Is your organization looking for someone to attend a conference or take a vendor-offered class? Jump at the chance. You’ll gain skills the business deems useful and do so on its dime.

Some employers encourage worker participation in their industry’s professional association(s) by paying the membership dues. Take advantage! You’ll gain access to a variety of exclusive professional development opportunities.
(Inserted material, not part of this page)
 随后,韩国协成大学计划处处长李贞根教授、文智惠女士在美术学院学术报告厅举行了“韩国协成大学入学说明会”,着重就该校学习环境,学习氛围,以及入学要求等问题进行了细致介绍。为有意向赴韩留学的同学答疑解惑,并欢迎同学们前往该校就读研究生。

Also, look within the workplace itself for learning experiences. Job shadow someone in a different department to become better versed about what goes on at the company as a whole. Join a mentorship program to connect with someone who can offer career guidance (or, if you’re at an advanced career stage, provide direction to an up-and-coming employee). Join an ERG (Employee Resource Group) to broaden horizons regarding diversity and inclusion.

Volunteer work

Supporting a cause enhances development through hands-on experience. Projects often employ critical soft skills such as leadership, communication, teamwork, and organization. And people helping others often help themselves in the process. Not only does volunteering expand one’s network, research shows hiring managers favor candidates with volunteer experience on their resumes.

Independent study

Lastly, professionals can hone a variety of skills by taking matters into their own hands. Scout out books and podcasts on subjects of interest; you’re bound to find plenty of experts with great advice and fresh perspectives. Browse available TED Talks for ones relevant to your career development needs. Use the site’s TED Recommends feature to help identify speeches that particularly suit your objectives. What you ultimately get out of self-directed learning depends on the effort you put in, so regularly carve out time to broaden your horizons!